→ **PROBLEM DESCRIPTION**
Give the listing again word for word, excluding the pictures it contains.
*** Block opens ***
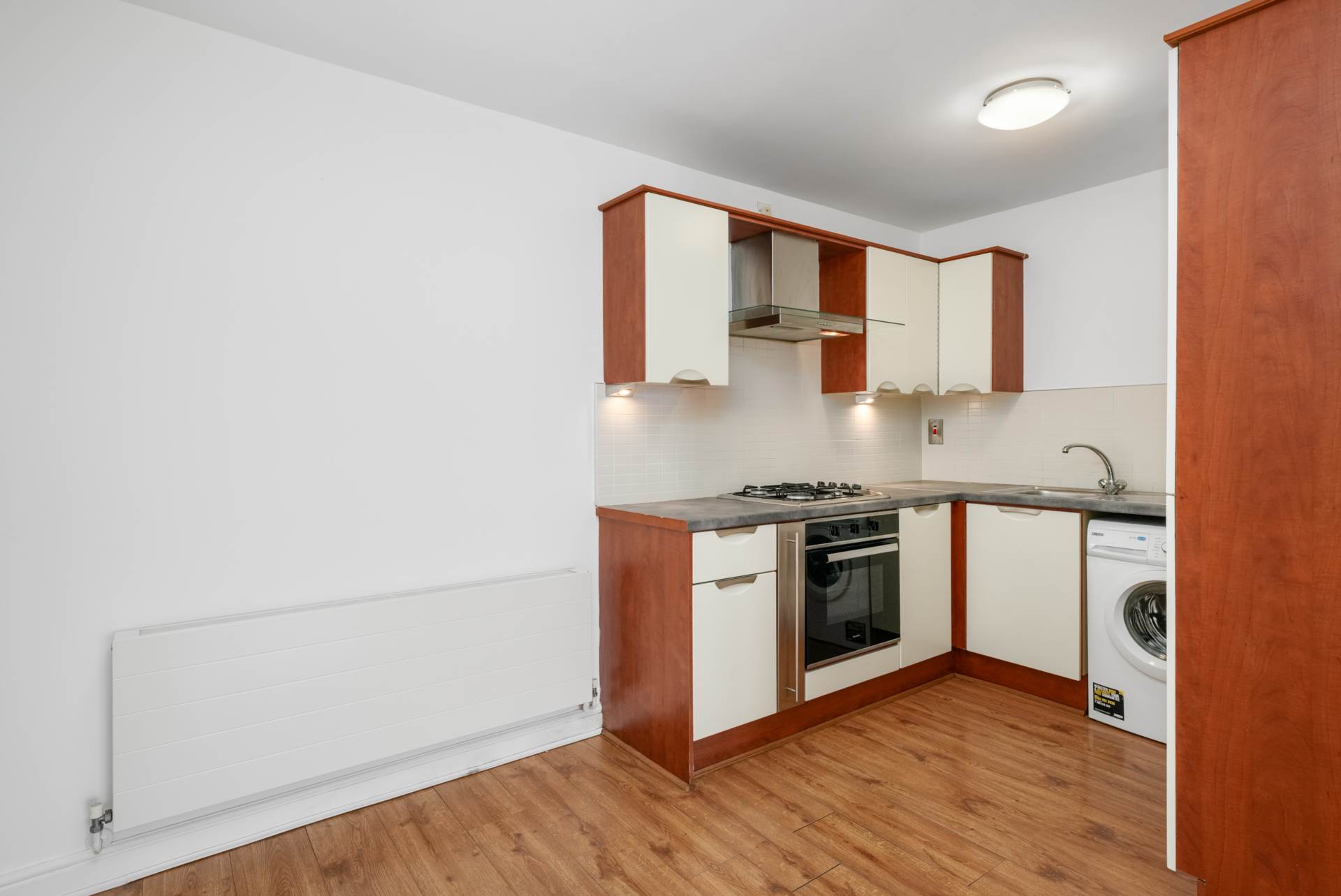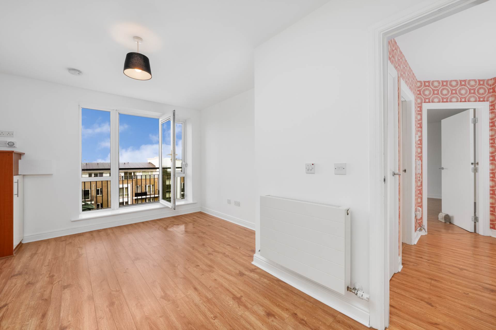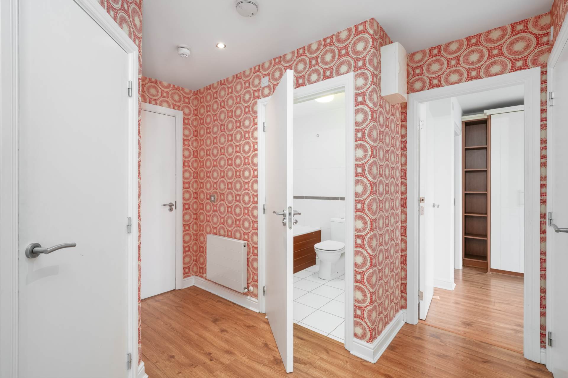 Entering the apartment you are met with a large hallway which leads to all the rooms. Wood laminate flooring. Siro internet access point. Front door intercom. Fuse box.
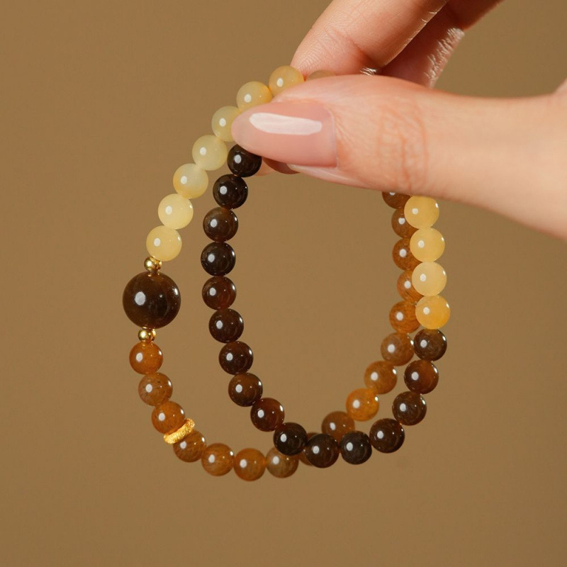 《朝与暮》新疆且末糖和田玉糖玉手串女款红糖料双圈手链翡翠玉石
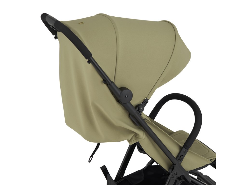 - Opěradlo sedáku lze zcela otevřít pro účinné větrání. Velká stříška chrání před přímým sluncem a ventilace zajišťuje přístup čerstvého vzduchu.
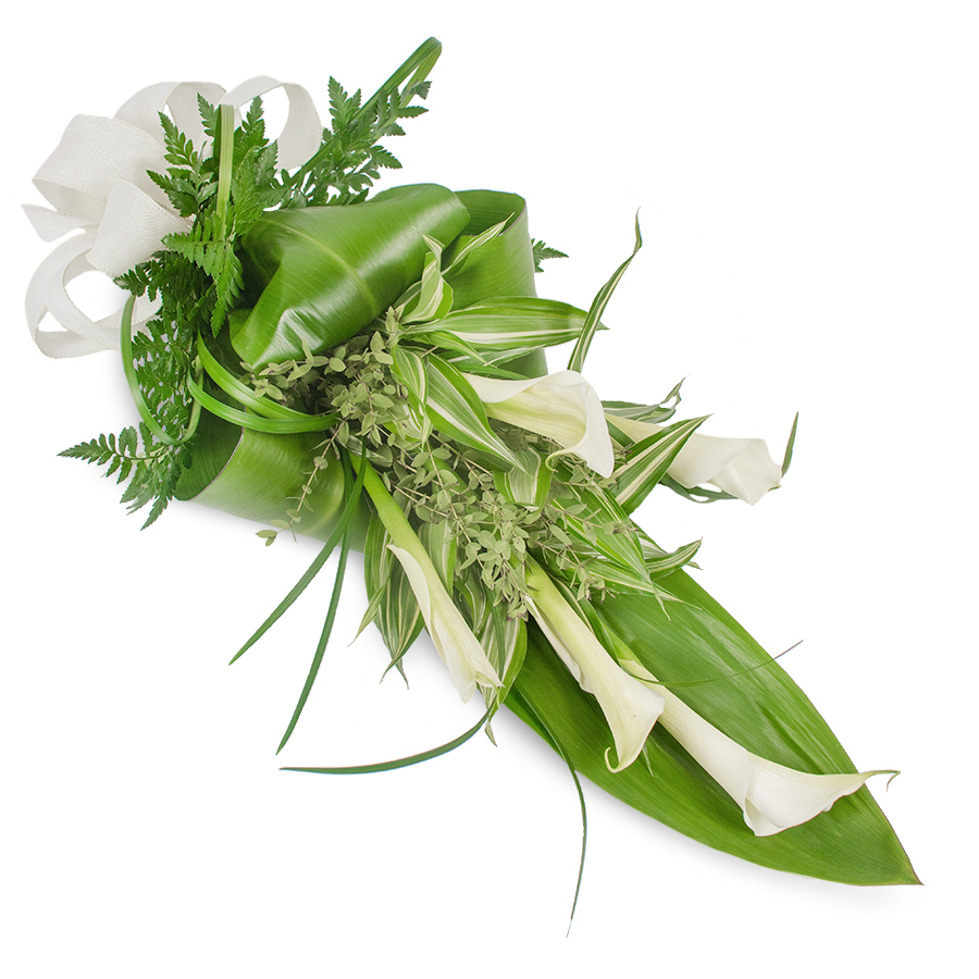Show your deep sympathy and caring thoughts with a wonderful arrangements made of elegant white calla lilies. They are richly complemented with lush greenery to convey a feeling of serenity and peace.
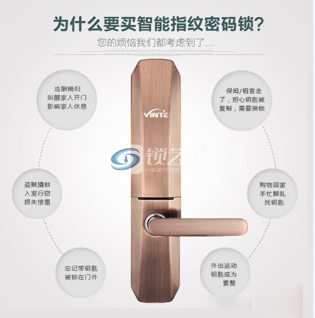 一、再也不会被“忘记带钥匙怎么进门!”的问题烦恼! 二、不必担心“应酬晚归需叫醒家人,影响家人休息” 三、不需要因 “外出倒垃圾,门一不小心锁住,怎么办”的问题恼火 四、不需要为“ 保姆离职后或出租屋换租,担心他们偷配钥匙,需换门锁”的问题而再次破费换锁 五、不必为“客人来了,但不得不放下手中重要的事情去开门”而苦恼 六、普通机械锁钥匙可以复制,指纹具有唯一性,全世界没有两个完全一样的指纹 七、不必随身携带钥匙,一个人的指纹终身不变,一次输入指纹,可以终身使用。而且一个人可以输入不同手指的指纹。触摸即开,反提即锁!! 八、可以容纳多个指纹。既可以登记输入指纹,又可以删除指纹,对指纹的管理非常方便。与普通机械锁相比省去配制钥匙和收回钥匙的烦恼,特别适用于办公用房和出租用房!!! |
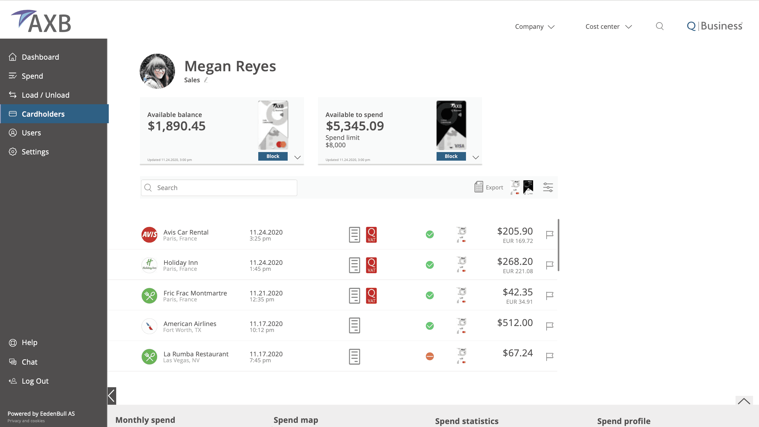 View all transactions and expenses made by cardholder
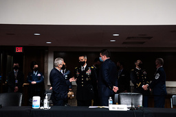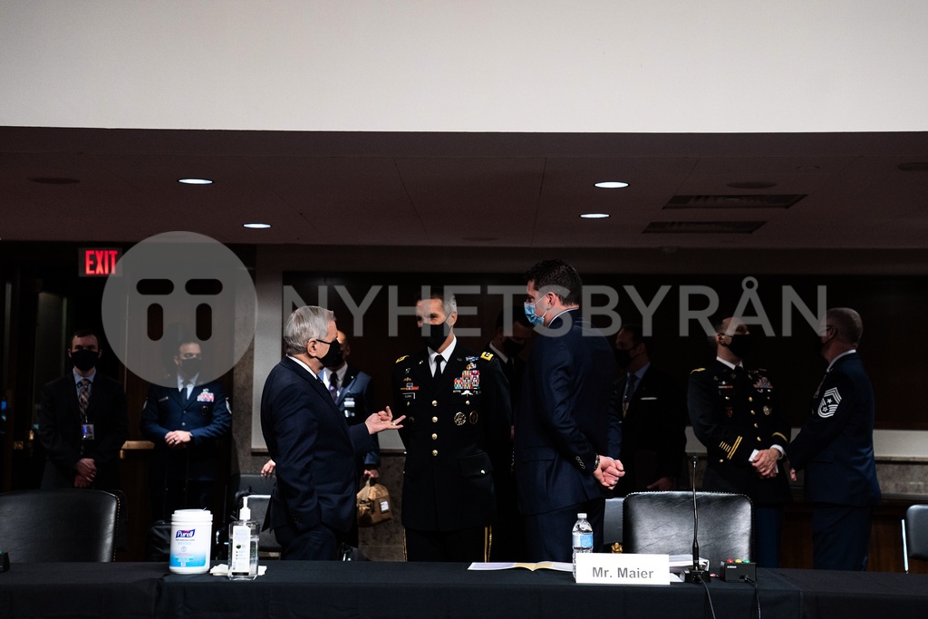 United States Senator Jack Reed (Democrat of Rhode Island), Chairman, US Senate Committee on Armed Services, and US Senator James Inhofe (Republican of Oklahoma), Ranking Member, US Senate Committee on Armed Services, speak to one another before a hearing on the United States Special Operations Command and United States Cyber Command with the Senate Armed Services Committee on Capitol Hill in Washington DC on March 25th, 2021. Credit: Anna Moneymaker / Pool via CNP. 25 Mar 2021 Pictured: United States Senator Jack Reed (Democrat of Rhode Island), Chairman, US Senate Committee on Armed Services, greets General Richard D. Clarke, USA, Commander, United States Special Operations Command, center, and Christopher P. Maier, Acting Assistant Secretary Of Defense For Special Operations And Low-Intensity Conflict, right, before the start of a hearing on the United States Special Operations Command and United States Cyber Command with the Senate Armed Services Committee on Capitol Hill in Washington DC on March 25th, 2021. Credit: Anna Moneymaker / Pool via CNP. Photo credit: Anna Moneymaker - Pool via CNP / MEGA TheMegaAgency.com +1 888 505 6342
*** Block closes ***
→ **SOLUTION TO THIS EXERCISE**
 Entering the apartment you are met with a large hallway which leads to all the rooms. Wood laminate flooring. Siro internet access point. Front door intercom. Fuse box.
 《朝与暮》新疆且末糖和田玉糖玉手串女款红糖料双圈手链翡翠玉石
 - Opěradlo sedáku lze zcela otevřít pro účinné větrání. Velká stříška chrání před přímým sluncem a ventilace zajišťuje přístup čerstvého vzduchu.
Show your deep sympathy and caring thoughts with a wonderful arrangements made of elegant white calla lilies. They are richly complemented with lush greenery to convey a feeling of serenity and peace.
 一、再也不会被“忘记带钥匙怎么进门!”的问题烦恼! 二、不必担心“应酬晚归需叫醒家人,影响家人休息” 三、不需要因 “外出倒垃圾,门一不小心锁住,怎么办”的问题恼火 四、不需要为“ 保姆离职后或出租屋换租,担心他们偷配钥匙,需换门锁”的问题而再次破费换锁 五、不必为“客人来了,但不得不放下手中重要的事情去开门”而苦恼 六、普通机械锁钥匙可以复制,指纹具有唯一性,全世界没有两个完全一样的指纹 七、不必随身携带钥匙,一个人的指纹终身不变,一次输入指纹,可以终身使用。而且一个人可以输入不同手指的指纹。触摸即开,反提即锁!! 八、可以容纳多个指纹。既可以登记输入指纹,又可以删除指纹,对指纹的管理非常方便。与普通机械锁相比省去配制钥匙和收回钥匙的烦恼,特别适用于办公用房和出租用房!!! |
 View all transactions and expenses made by cardholder
 United States Senator Jack Reed (Democrat of Rhode Island), Chairman, US Senate Committee on Armed Services, and US Senator James Inhofe (Republican of Oklahoma), Ranking Member, US Senate Committee on Armed Services, speak to one another before a hearing on the United States Special Operations Command and United States Cyber Command with the Senate Armed Services Committee on Capitol Hill in Washington DC on March 25th, 2021. Credit: Anna Moneymaker / Pool via CNP. 25 Mar 2021 Pictured: United States Senator Jack Reed (Democrat of Rhode Island), Chairman, US Senate Committee on Armed Services, greets General Richard D. Clarke, USA, Commander, United States Special Operations Command, center, and Christopher P. Maier, Acting Assistant Secretary Of Defense For Special Operations And Low-Intensity Conflict, right, before the start of a hearing on the United States Special Operations Command and United States Cyber Command with the Senate Armed Services Committee on Capitol Hill in Washington DC on March 25th, 2021. Credit: Anna Moneymaker / Pool via CNP. Photo credit: Anna Moneymaker - Pool via CNP / MEGA TheMegaAgency.com +1 888 505 6342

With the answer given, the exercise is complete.